O nexo de causalidade é um primeiro passo na indagação da existência de uma infração penal que, finalmente, para poder ser atribuída a alguém, precisa satisfazer os requisitos da tipicidade, da antijuridicidade e da culpabilidade.
6. A teoria da imputação objetiva e âmbito de aplicação. 
A teoria da imputação objetiva, a nosso juízo, tem grande utilidade para a delimitação da tipicidade nos crimes de resultado, isto é, para aqueles casos em que a descrição dos elementos do tipo exige que a consumação do delito somente ocorra com um resultado no mundo exterior separado, no tempo e no espaço, do comportamento queo precede (os denominados crimes materiais). Nesse âmbito, os critérios de imputação objetiva servem tanto para a delimitação da(s) conduta(s) penalmente relevante(s) como para a atribuição do resultado típico àquela(s) conduta(s) que se identifique(m) como relevante(s) para o Direito Penal, e apta(s) para a produção do resultado.

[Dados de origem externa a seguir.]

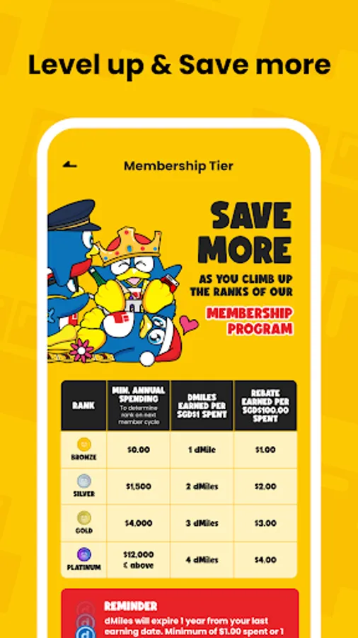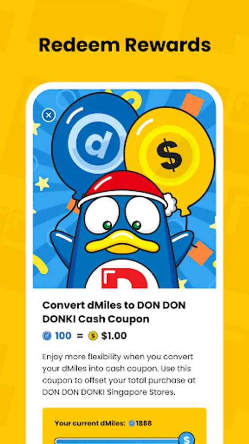 ・Present this app at the cashier when making payment or enter your membership ID at checkout page to earn and accumulate dMiles which will entitle you to redeem gifts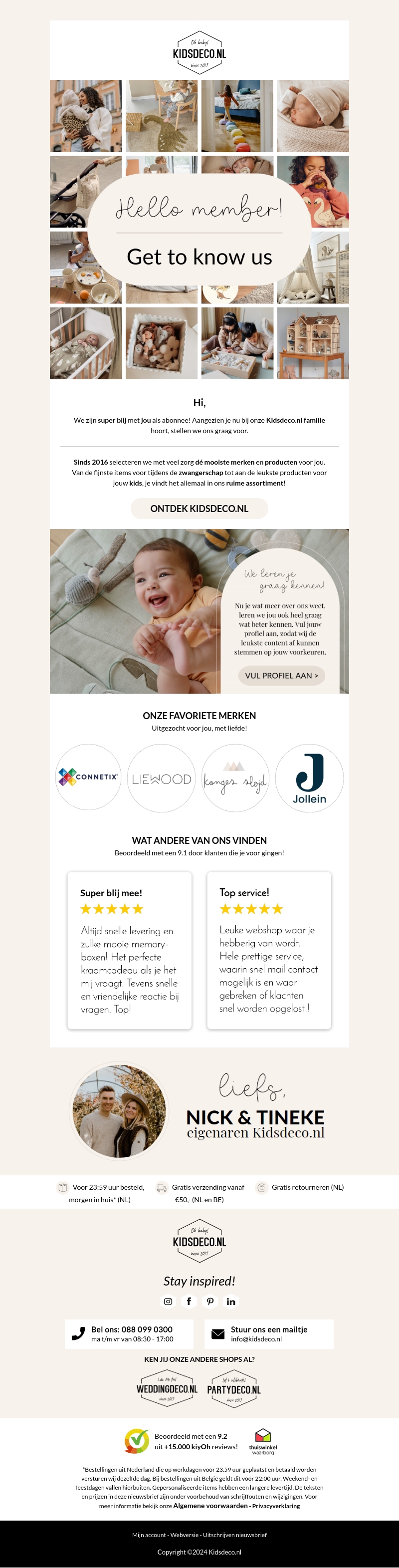 Welkom bij Kidsdeco.nl, waar we sinds 2016 de speciaalste items voor jou selecteren. Of je nu op zoek bent naar kraamcadeaus of kinderkamer accessoires, wij staan voor je klaar. Ontdek onze favoriete merken en geniet van snelle levering. Beoordeeld met een 9.1 door onze klanten. Meld je profiel aan om gepersonaliseerde content te ontvangen. We zijn blij je te verwelkomen!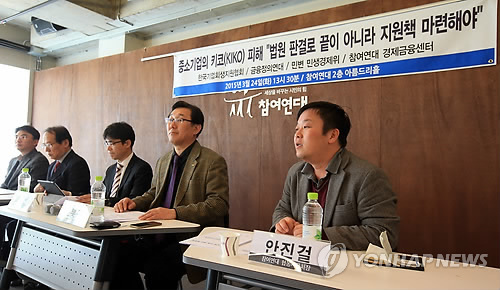 | △ 키코(KIKO) 피해 사례 종합 발표회 (서울=연합뉴스) 홍해인 기자 = 24일 오후 서울 통인동 참여연대 아름드리홀에서 한국기업회생지원협회, 금융정의연대, 민변민생경제위원회, 참여연대 경제금융센터가 참여한 가운데 '키코(KIKO) 피해 사례 종합 발표회'가 열리고 있다. 2015.3.24 hihong@yna.co.kr |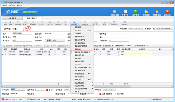 銷售出庫單保存審核完成后,在銷售出庫單界面工具欄點擊“更多操作”—》“查看應收款結銷情況”打開“應收應付及結算情況”窗口,如下圖所示。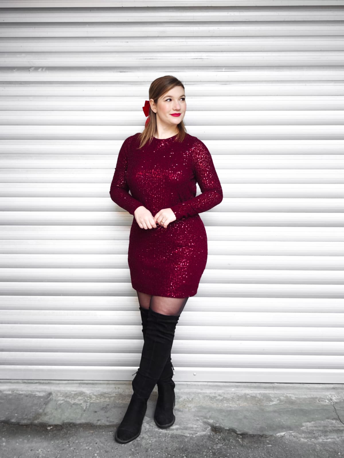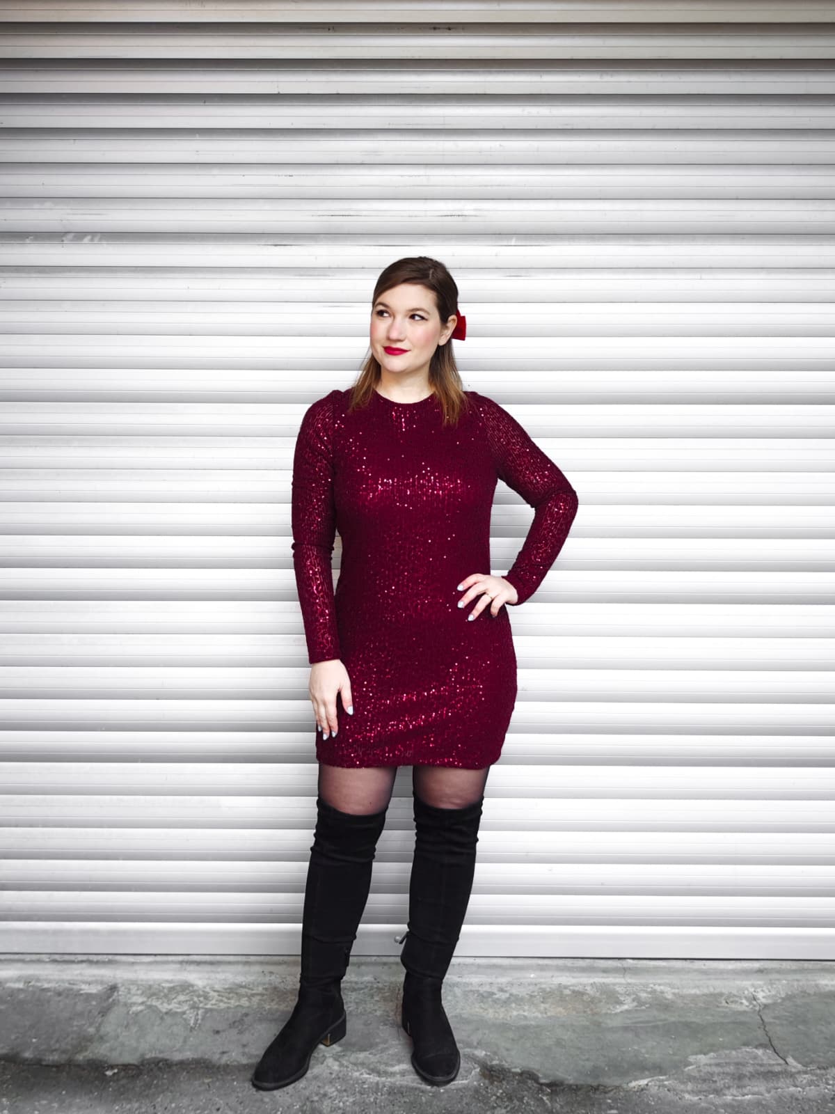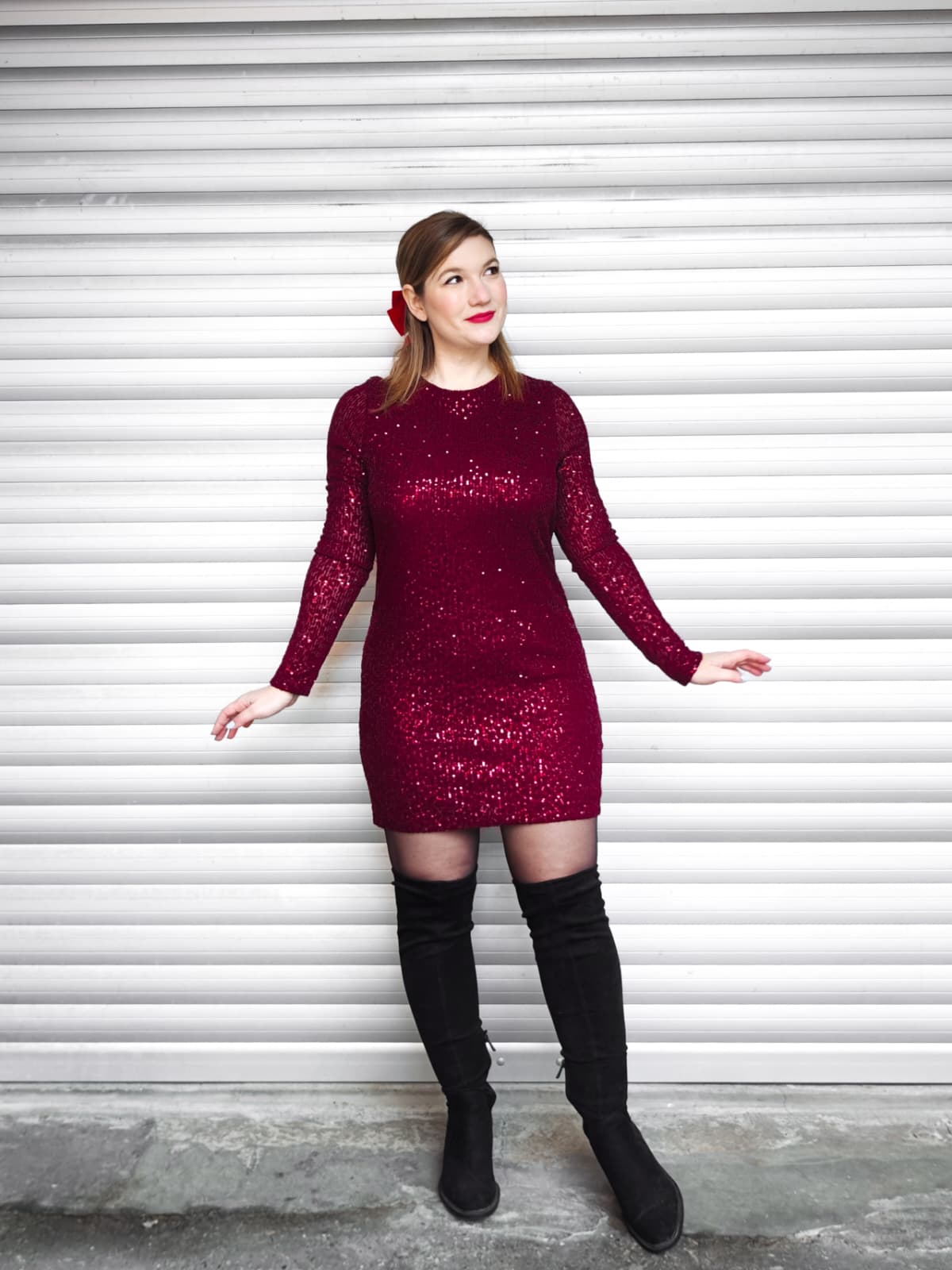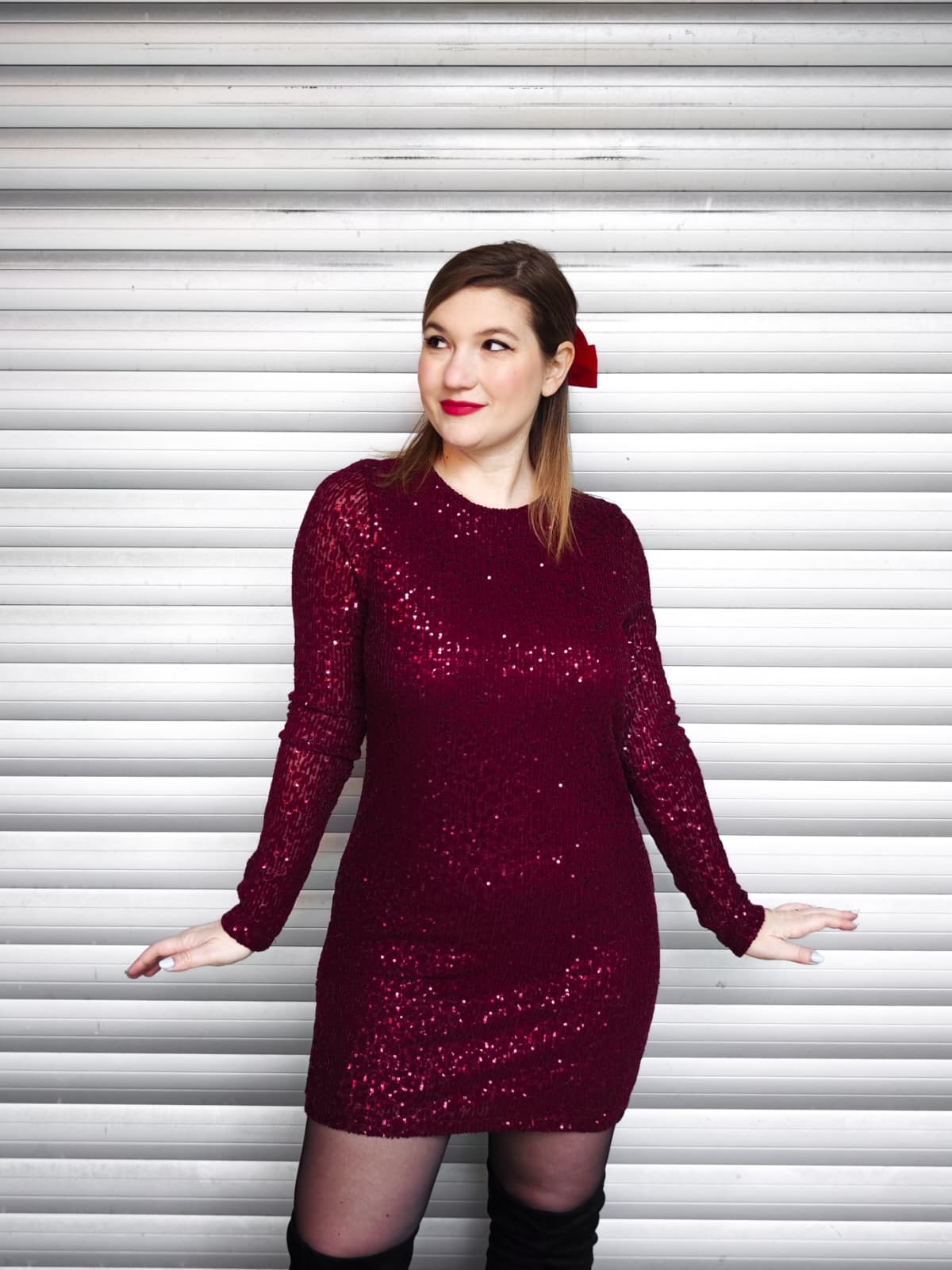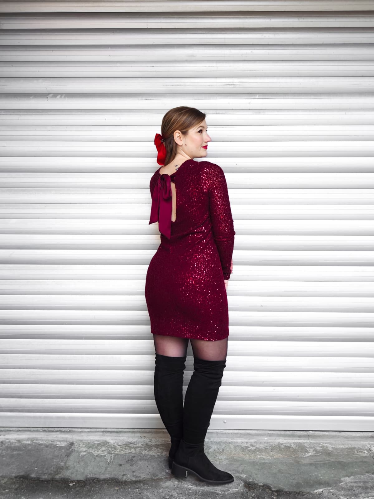 Abito corto con paillettes bordeaux e fiocco grande sulla schiena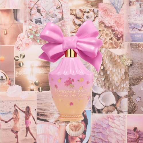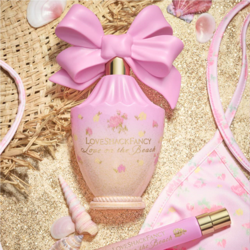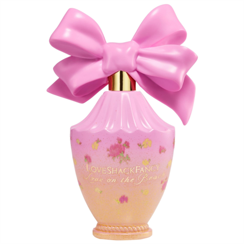 About the Bottle: Here’s an oversized bow, perfectly imperfect. The LoveShackFancy perfume bottle references founder Rebecca Hessel Cohen’s lifelong love of bows and ribbons with a sculptural bow top that appears tied and tightened by hand. The Ikat Rose print is a signature design chosen from over 2,000 in the LoveShackFancy print and lace library to decorate the gold glitter and sunset ombre bottle, a softly curved antique-inspired vessel carved with scalloping on top and a ring of rope on the bottom. Once finished, its spray top is removable so the bottle can be upcycled as a bud vase.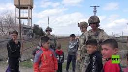 بالفيديو.. قوات أمريكية تتجول في قرية سورية بالحسكة مع تحليق للحوامات الأمريكية بالمنطقة وأفاد مراسلنا بأن القوات الأمريكية تجولت في القرية بالتزامن مع تحليق للحوامات الأمريكية حيث التقى ضابط أمريكي برفقة جنوده مع السكان المحليين.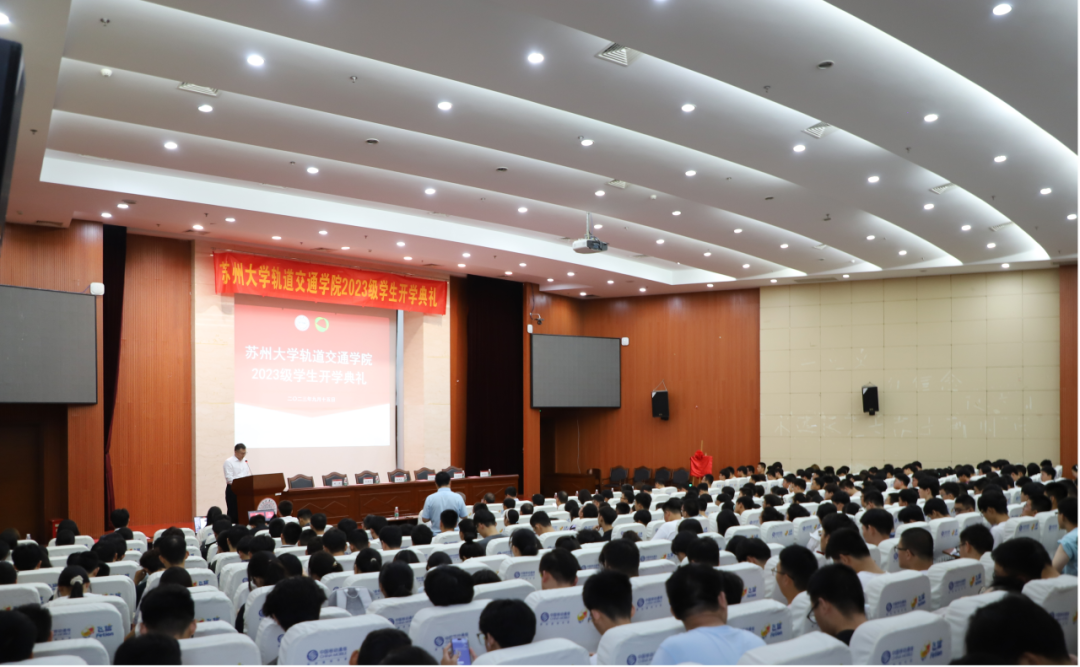9月15日上午,苏州大学轨道交通学院2023级学生开学典礼在阳澄湖校区图书馆报告厅隆重举行。院党委书记戴佩良,院长史培新,副院长金菊华、肖为周、黄伟国,各教工党支部书记、系主任及副主任、成长陪伴导师、班主任、辅导员及全体2023级学生出席仪式。典礼由院党委副书记、副院长胡洋主持。

6.1. Considerações críticas.
Na realidade, a teoria da imputação objetiva tem natureza complementar, uma vez que não despreza de todo a solução oferecida pela teoria da conditio, pois admite essa solução causal. Propõe-se, na verdade, a discutir e a propor critérios normativos limitadores dessa causalidade, sendo desnecessário, consequentemente, projetar critérios positivos, mostrando-se suficientes somente critérios negativos de atribuição.
Por fim, as dificuldades ainda existentes na sistematização dos critérios de imputação objetiva não desvirtuam, contudo, o grande mérito dessa teoria, qual seja, a consolidação na dogmática penal da utilização de considerações normativas, próprias do discurso jurídico, já na delimitação da tipicidade. De tal forma que sempre que realizarmos o juízo de subsunção de uma conduta em face de um delito de resultado, deveremos analisar se a conduta sobre a qual recai o juízo de tipicidade cria um risco proibido (desvalor e ação) e, para a atribuição do delito consumado, se esse risco se realizou no resultado típico (desvalor de resultado). A eleição dos critérios valorativos é certamente discutível, mas não a necessidade de realizar esse duplo juízo de imputação.